The absolute /best/ case for an ad is that it might remind me that there's
some consumable item that I buy every so often (food/etc) and that I either
have some I can consume or that I'm getting low and might want to restock.

For example, an ad for a restaurant I already like might remind me of the
positive prior experiences and encourage me to return sooner for more.

However, I'd probably go back there / buy more anyway without the ad. Is it
really an /efficient/ use of their money? Couldn't they just make their
products more attractive by cutting the costs (not spend on marketing)?

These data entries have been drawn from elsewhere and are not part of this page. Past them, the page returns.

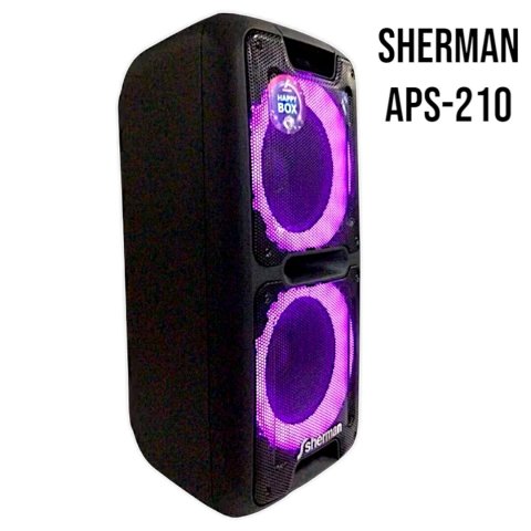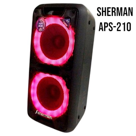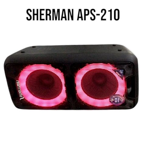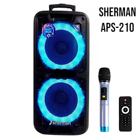 SHERMAN APS-210 ลำโพงปาร์ตี้บลูทูธแบบล้อลาก เบสคู่ขนาด 10 นิ้ว กำลังขับ 80W (RMS) พร้อมไมโครโฟนไร้สาย UHF และแบตเตอรี่ในตัว เหมาะทั้งงานปาร์ตี้ งานอีเวนต์ งานพรีเซนต์ขายสินค้า หรือคาราโอเกะ เคลื่อนย้ายสะดวก ใช้งานได้ทั้งเสียบปลั๊กและใช้ไฟจากแบตเตอรี่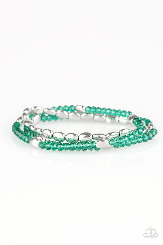 Infused with hints of silver, dainty green crystal-like beads are threaded along stretchy bands, creating whimsical layers across the wrist.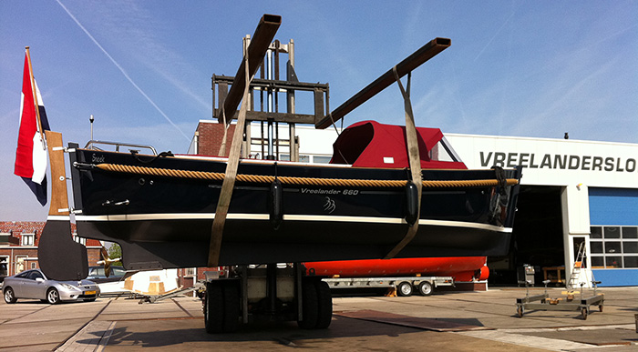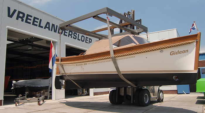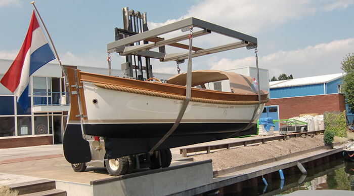 Bij de boot stalling zit het takelen, afspuiten en het opbokken inbegrepen.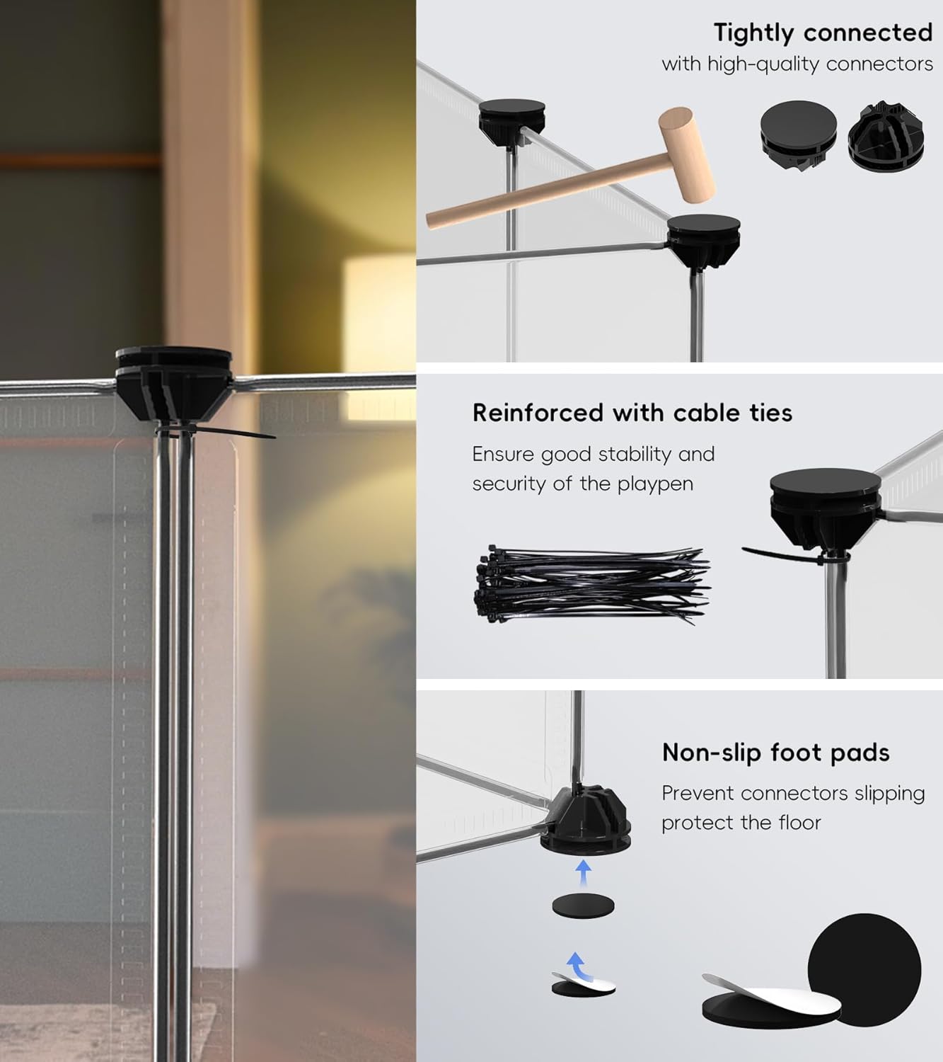 - ššššš¢š„š¢šš² šš§š šš«šØššššš¢šØš§: Equipped with 84 nylon straps to securely fasten the small pet fence, and 24 anti-slip mats to prevent the fence from sliding on the floor, providing a stable play area for your pets.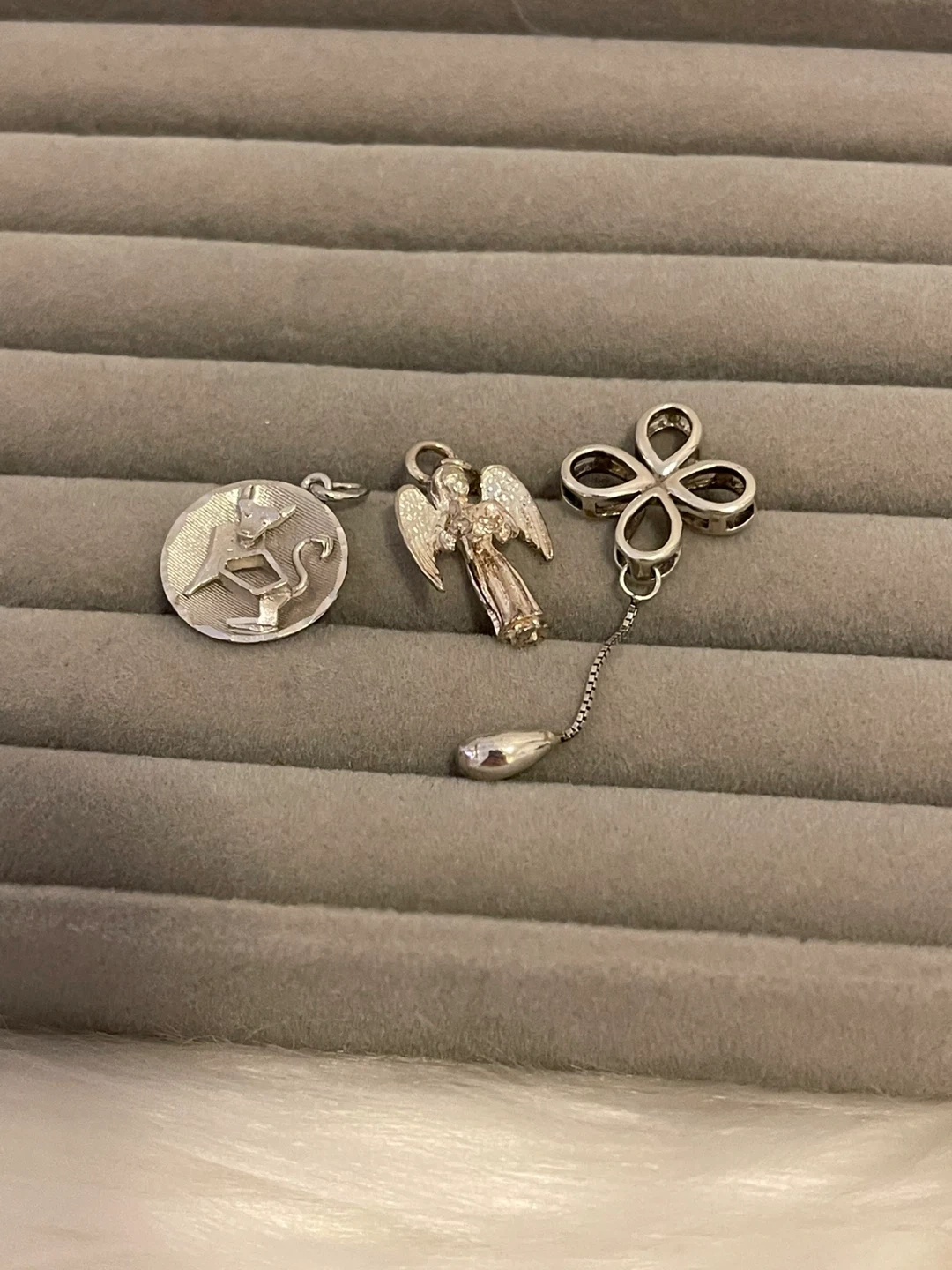 Three Sterling Silver Charms: Angel, Clover, and Horse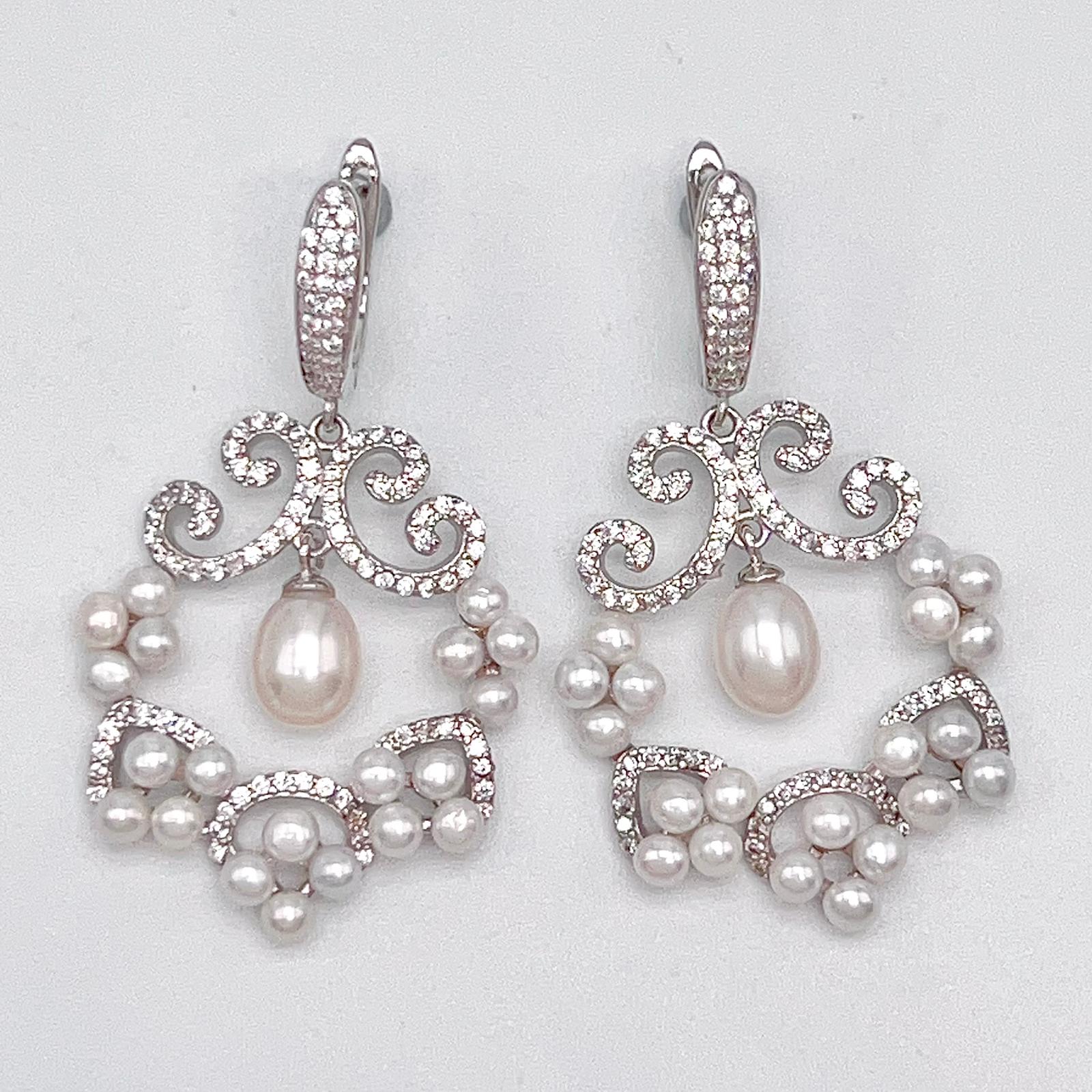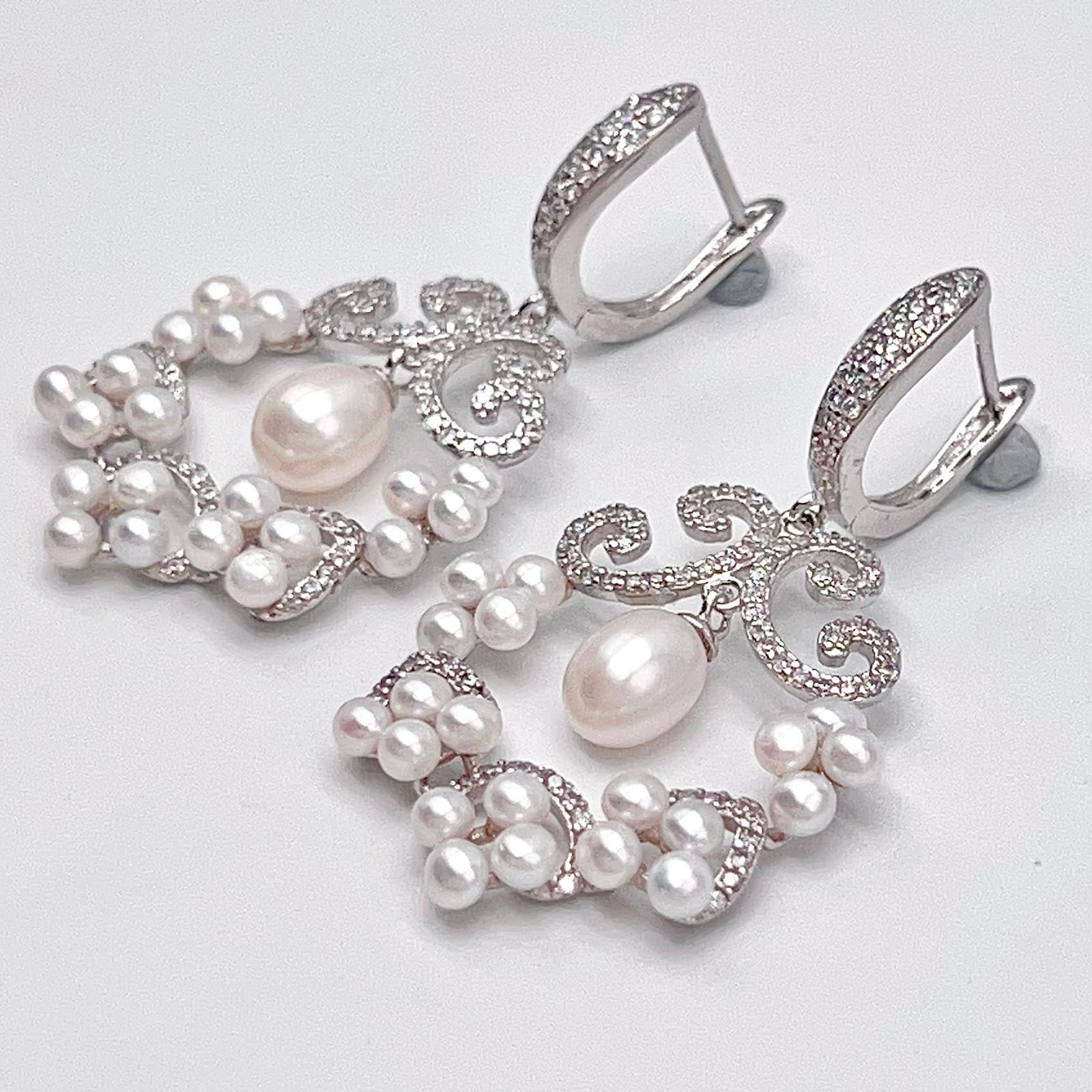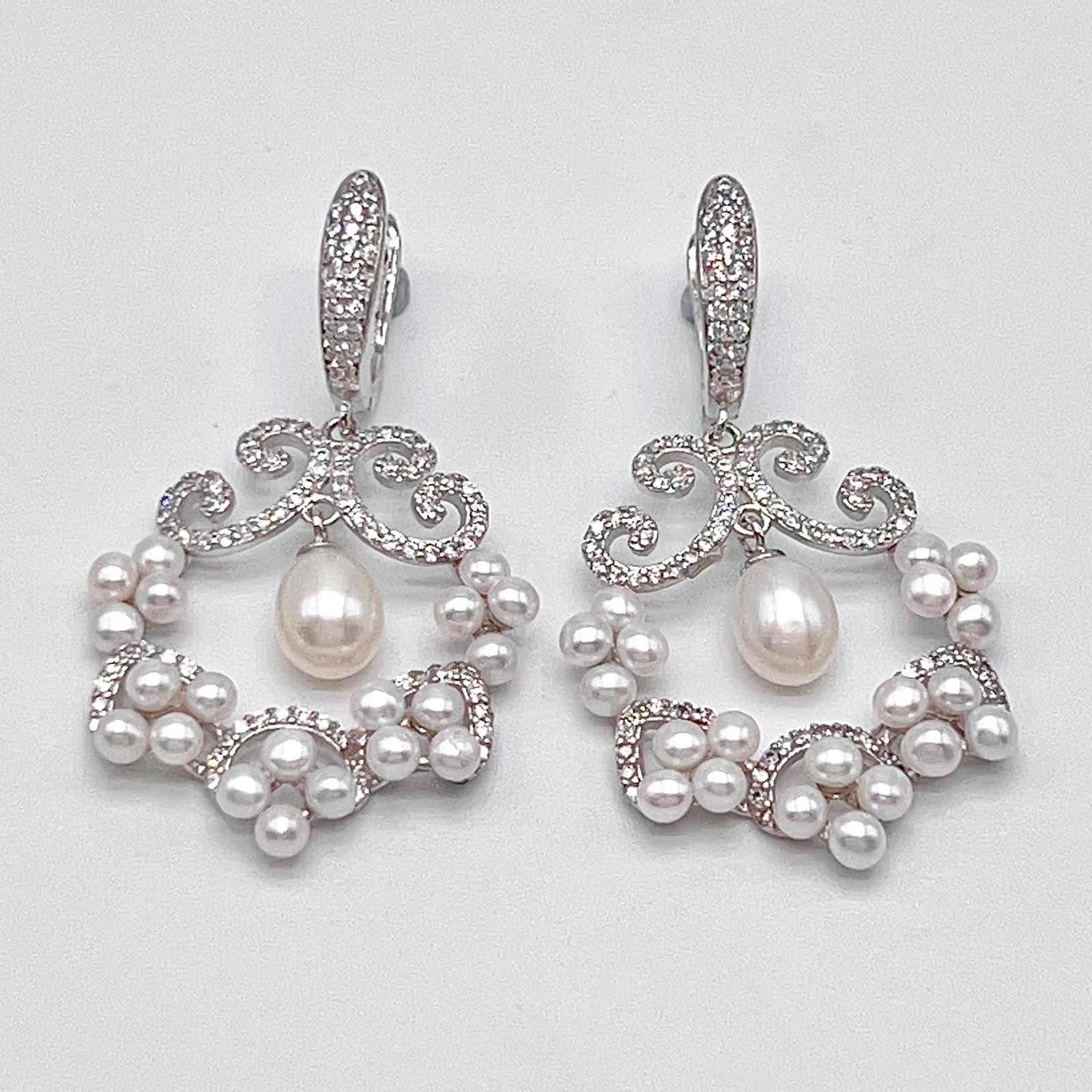 Cultured Pearl Cluster Scroll Dangle Earrings Silver 925
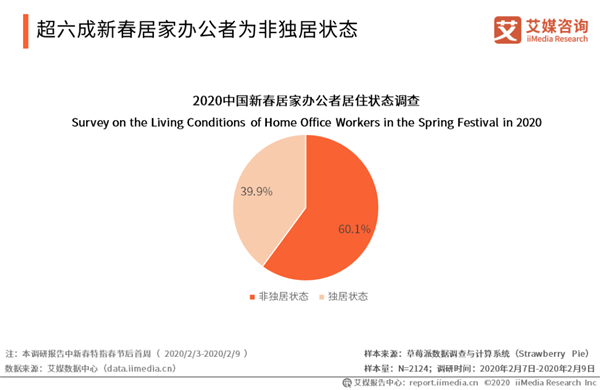 超六成新春居家辦公者為非獨居狀態 iiMedia Research(艾媒咨詢)數據顯示,2020年2月3日至2月9日,居家辦公的受訪者中有60.1%處于非獨居狀態,39.9%為獨居狀態。艾媒咨詢分析師認為,居家辦公并非中國主流辦公模式,多數職場人尚未養成居家辦公的習慣,尤其在非獨居狀態下,受到干擾的可能性較大,對工作效率會造成一定影響。

Other ads might be for products I don't already get/buy... those are probably
most effective as 'suggested' results near the top of searches when I'm
looking for a specific product or in a specific topic of inquiry that seems
related to seeking a solution.

------
Gustomaximus
This is not new news. Suprised its getting up votes.

I would say most marketers are well aware of this. We try and measure down
funnel. You learn who are the successful networks and who are not. Sure a
percentage will be fraud but you should know your channel ROIs and be
maximising that.

This article may as well be written that workers only work productly for 5
hours of thw day. Or 25% of food goes to waste.

There is always wadte. A good marketer will reduce this. And thwir claim about
marketers not look at domains seems like hogwash to me. I and markwters around
me have looked at this in ever company I've been at. Maybe Ive had a rare
experience but I doubt this.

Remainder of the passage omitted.